Сам он играл на понижение, убеждая, что писателю, которого не понимает домохозяйка, грош цена. Но Ермолай был упрям и стоял на своём, как памятник. «Слабоумие», — воротил он нос от цветастых обложек, а спохватившись, делал вид, что чешет плечом подбородок. С возрастом, однако, он сделался нерасторопным. Его проворство перетекло к Онуфрию, который всё больше походил на ловца блох. А Ермолай только виновато щурился, бормоча про себя, что слово — не воробей. Воскресенье уже давно обходило стороной его комнату, где он переписывал черновики до тех пор, пока, наконец, не понимал, что же хочет сказать.

«Блаженный», — махал на него Онуфрий, пряча руки в карманы.

Дальше — больше. Они уже едва терпели друг друга. Онуфрий всё чаще чувствовал себя столичным жителем, сосланным в провинцию, а Ермолай — провинциалом, родившимся в столице. С годами они стали на ножах. Но и в ссоре вели по-разному: к одному было на пушечный выстрел не подойти, к другому — на кривой козе не подъехать.

Бобылями остались рано. «Жениться — не замуж сходить!» — приговаривал Онуфрий, которому больше повезло в браке, чем его жене. После развода он пустился во все тяжкие, измеряя годы в романах, проводя дивные ночи и скучные дни. «Жениться — не по росе пробежать!» — отклонял он предложения выкрасить сутки в серый цвет. Он засматривался на женщин, ледоколом рассекавших толпу, и они прятались за свою грудь, как за бруствер. А Ермолай, обжёгшись на молоке, дул на воду. Про таких говорят: женился, будто овдовел, развёлся — что умер. Хлопая дверьми, он бродил маятником по комнатам, свистел в усы и, марая бумагу, исчислял годы в романах, запертых в стол. Они скулили там, как брошенные псы, а издатели ёжились от них, как ангелы от греха. Ермолай проклинал холостяцкую жизнь с не меньшим ожесточением, чем семейную. Он хотел бы затеряться посредине, чтобы его оставляли в покое, а он бы приставал по желанию и гнул других, остававаясь непреклонным, как точка. У обоих росли сыновья. Онуфрий своего баловал, а Ермолай навещал в год по обещанью. Говорить с сыном было не о чем, он неловко косился на ногти и, вернувшись, старался поскорее забыть его, как кукушка, отлетевшая от чужого гнезда. Однако, расчёсывая «на пробор» седину, плакал. «Верно, не так прожил — раз никто не любит», — причитал он в нос, сморкаясь сквозь паутину красноватых прожилок.
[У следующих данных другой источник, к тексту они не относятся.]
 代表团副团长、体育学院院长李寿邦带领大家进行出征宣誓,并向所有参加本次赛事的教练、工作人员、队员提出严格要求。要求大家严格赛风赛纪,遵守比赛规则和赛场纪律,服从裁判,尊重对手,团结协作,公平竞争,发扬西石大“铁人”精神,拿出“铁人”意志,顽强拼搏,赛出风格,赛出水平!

Всхлипывая, он жаловался зеркалу на нескладную жизнь, но, прислушавшись к стрёкоту часов за стенкой, брал себя в руки: «Чёрт, нервы…»
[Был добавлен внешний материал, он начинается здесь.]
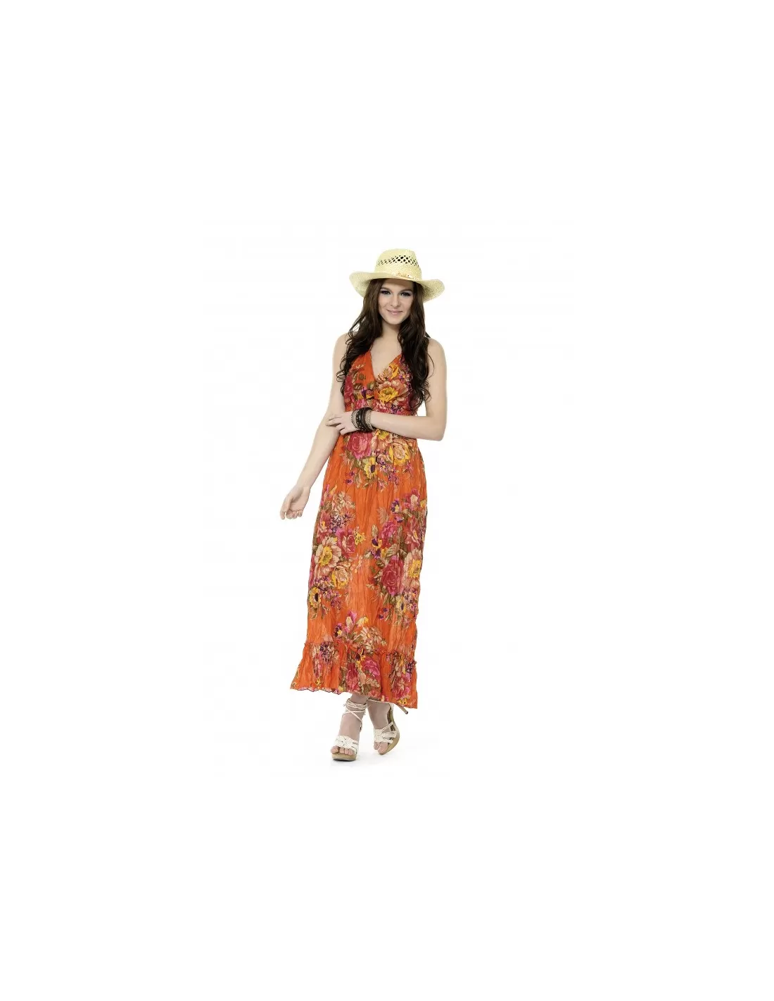 Long printed dress with thin adjustable straps. V-neckline and wiring under the bust with ruffles at the bottom of the dress.

Месяцы лезли друг на друга и грудились, как бельё, которое не было сил повесить на верёвку. Онуфрий ещё держался и ходил руки в брюки, по которым годы стекали с него, как с гуся вода, а Ермолай постарел: чужая жизнь теперь казалась ему драмой, а своя — комедией. По телефону его было уже не разговорить. «Дела…» — коротко извинялся он, вешая трубку. А потом долго сидел, уставившись в точку, словно видел полынью, скованную льдом, в которой бился, как рыба.